If successful, such a move could prove an enormous opportunity for the electronics giant. But Apple faces a major obstacle -- persuading TV providers to give a prime spot in people's living room to a potentially powerful new competitor.
Apple has been testing the TV business as a possible new avenue of growth for years. It makes sense. The company has already conquered the portable music player market, set the agenda for modern smartphones, and started a consumer craze for tablets. In each of these arenas, Apple combined well-designed devices with its own infrastructure to deliver entertainment content. TV would be a natural market for that strategy.
The late Steve Jobs, Apple's co-founder, told biographer Walter Isaacson that he had finally "cracked" how to build an integrated TV set that would synchronize with other devices and the emerging online storage "cloud." That would provide a level of convenience and functionality lacking in other set-top boxes. But to enter the market, Apple needs access to content held by several layers of gatekeepers: producers, studios and carriers.

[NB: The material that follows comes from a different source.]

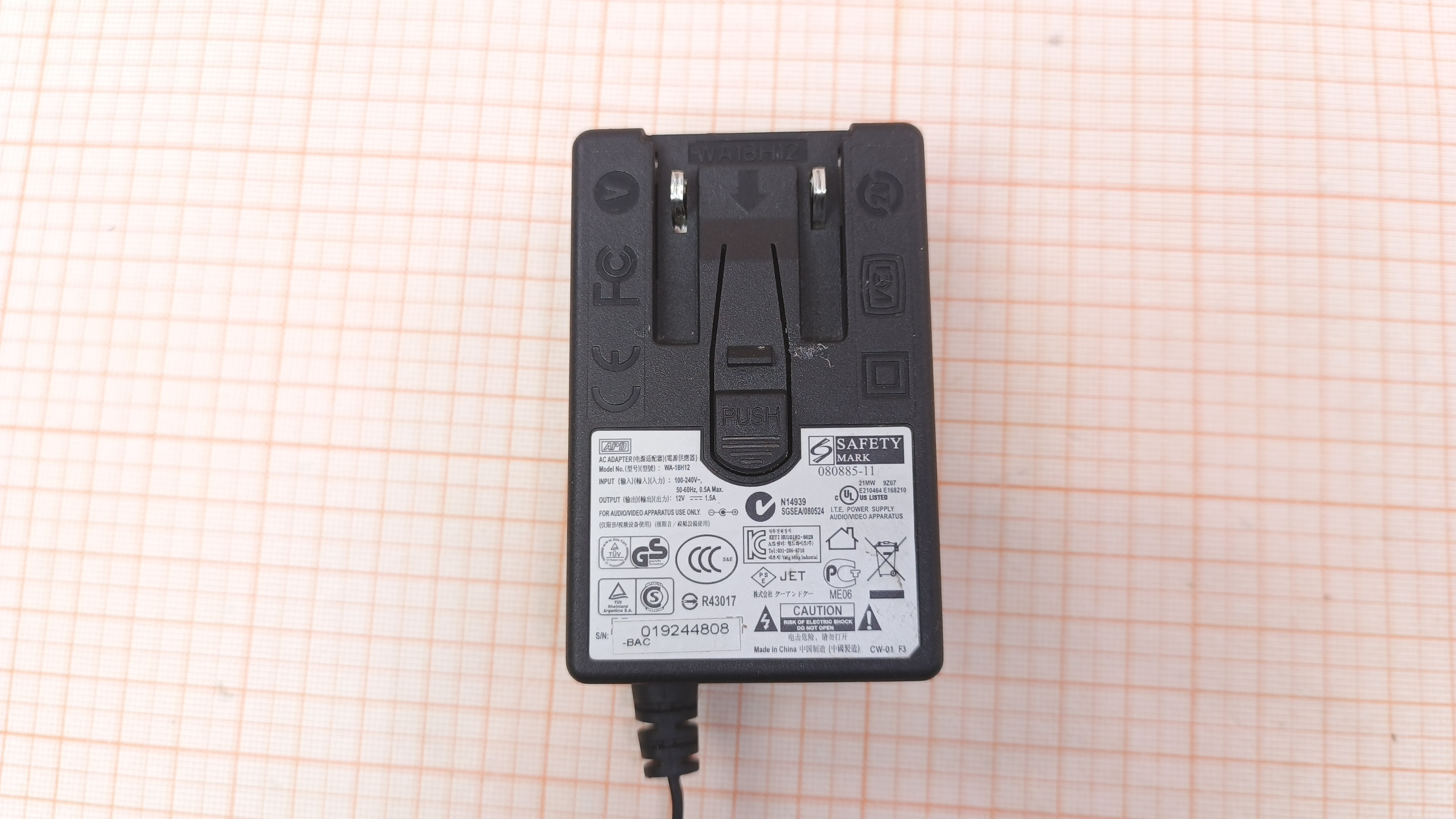 WA-18H12 / 18W / 12V / 1.5A / 4.0×1.7 мм / Без сменных входных вилок / Не включается

A recently granted patent uncovered by the blog Patently Apple indicates that the company's Apple TV product was designed to work with cable programming:
The patent figures clearly show ABC, Fox channels and so forth. Apple TV was and/or is to be able to record TV shows. Advanced Set-top-Box features for Apple TV would be a welcomed addition to the current iteration of Apple TV, one being it could act as a high-end PVR. Just recently Apple added access to Hulu (in the US only), which illustrates that Apple TV continues to be a mystery project in progress.
Design alone is not enough. Cable companies will be concerned that Apple could gain control over the relationship with consumers and then establish themselves as suppliers of direct programming. Apple TV already integrates some Internet-delivered video programming with what cable providers supply. In the past, Apple wanted to directly license content.
Even if Apple could talk major cable providers into deals, it could still face resistance from the studios that control the distribution of programming. Pay TV carriers pay for bundles of programming, while Apple would likely want unbundled choices. That would be convenient for consumers and save them money. The studios would make less as a result, because people could choose only the program they wanted to pay for.
Furthermore, the studios or their parent corporations often own major music labels. The loss of control is something they've already experienced and are unlikely to welcome in again in the TV business.